Input data:
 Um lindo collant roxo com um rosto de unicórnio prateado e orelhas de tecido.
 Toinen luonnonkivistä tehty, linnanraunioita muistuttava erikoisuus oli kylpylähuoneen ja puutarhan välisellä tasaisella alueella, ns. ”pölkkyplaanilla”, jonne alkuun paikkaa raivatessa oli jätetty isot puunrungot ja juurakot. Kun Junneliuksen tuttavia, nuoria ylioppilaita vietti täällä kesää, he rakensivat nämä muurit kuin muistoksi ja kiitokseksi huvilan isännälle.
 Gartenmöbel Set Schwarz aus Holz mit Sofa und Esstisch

==

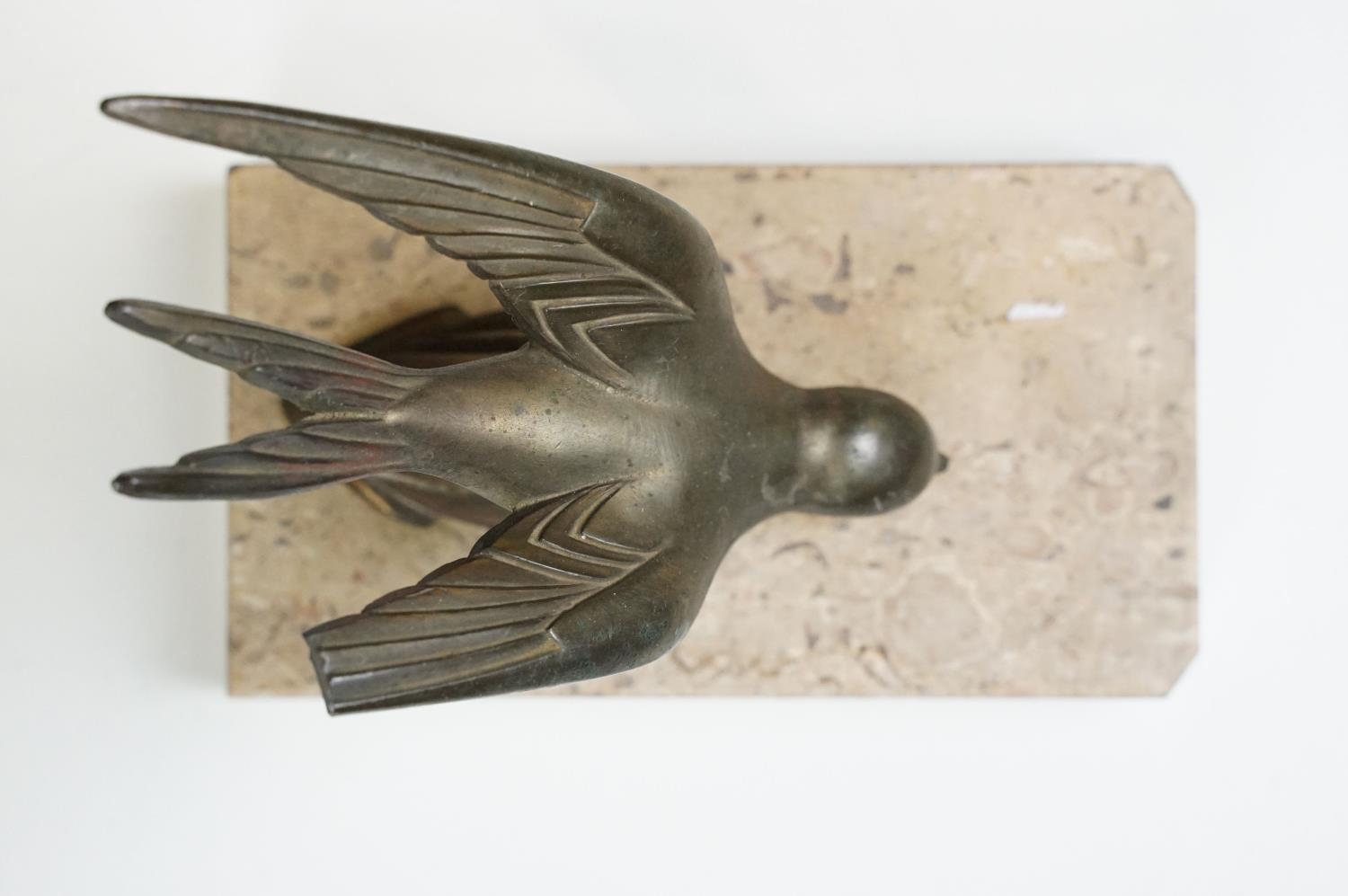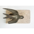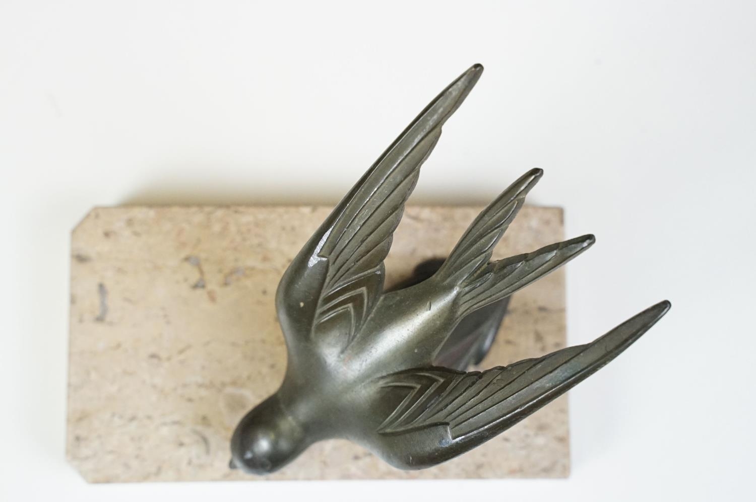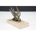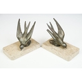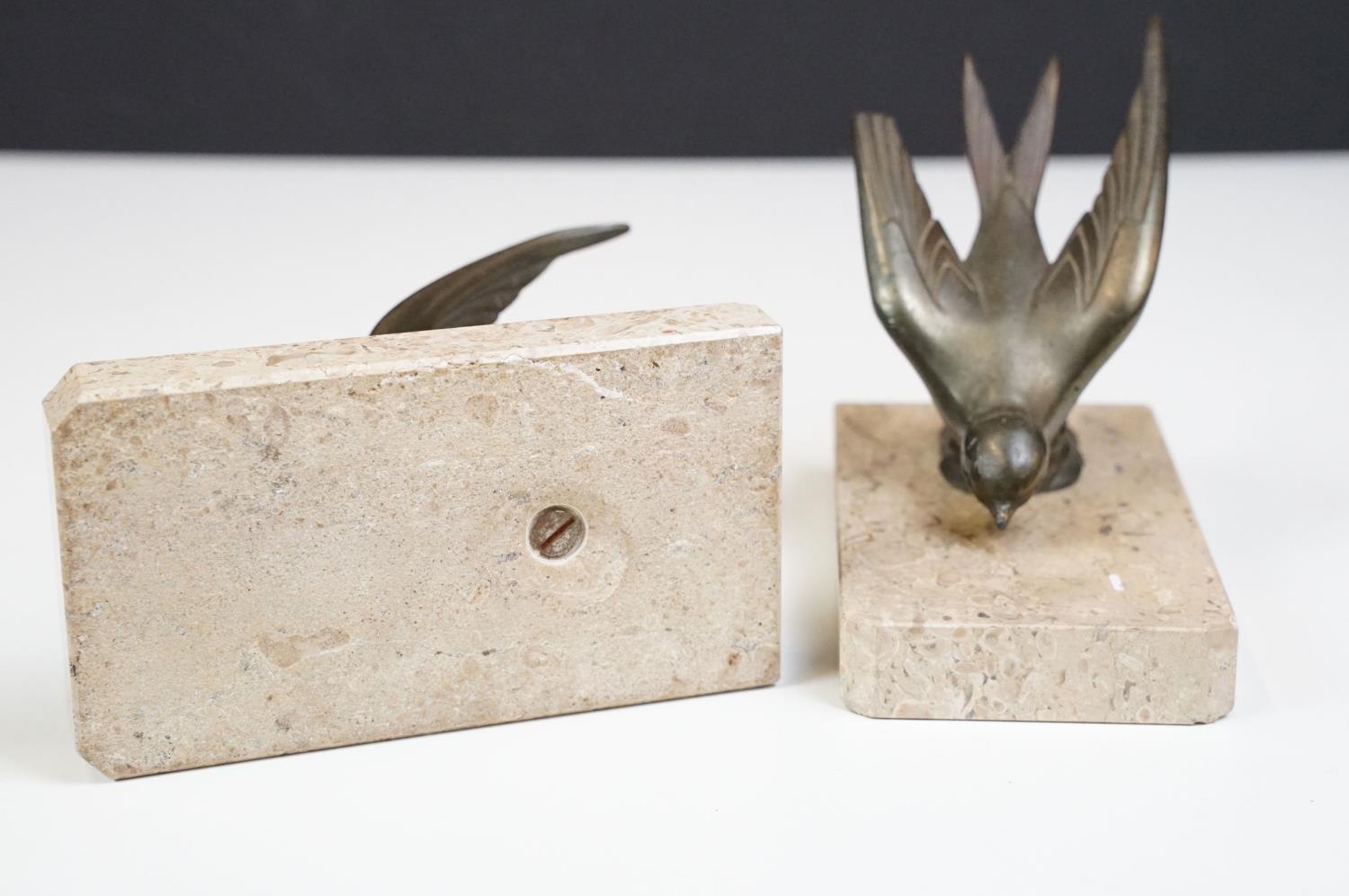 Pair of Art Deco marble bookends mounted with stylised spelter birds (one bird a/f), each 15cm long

Your objective: For this exercise, output exactly the lines above from the line with "Toinen luonnonkivistä tehty, linnanraunioita" to the line with "Gartenmöbel Set Schwarz", counting both, and leave out the rest.

Final answer:
 Toinen luonnonkivistä tehty, linnanraunioita muistuttava erikoisuus oli kylpylähuoneen ja puutarhan välisellä tasaisella alueella, ns. ”pölkkyplaanilla”, jonne alkuun paikkaa raivatessa oli jätetty isot puunrungot ja juurakot. Kun Junneliuksen tuttavia, nuoria ylioppilaita vietti täällä kesää, he rakensivat nämä muurit kuin muistoksi ja kiitokseksi huvilan isännälle.
 Gartenmöbel Set Schwarz aus Holz mit Sofa und Esstisch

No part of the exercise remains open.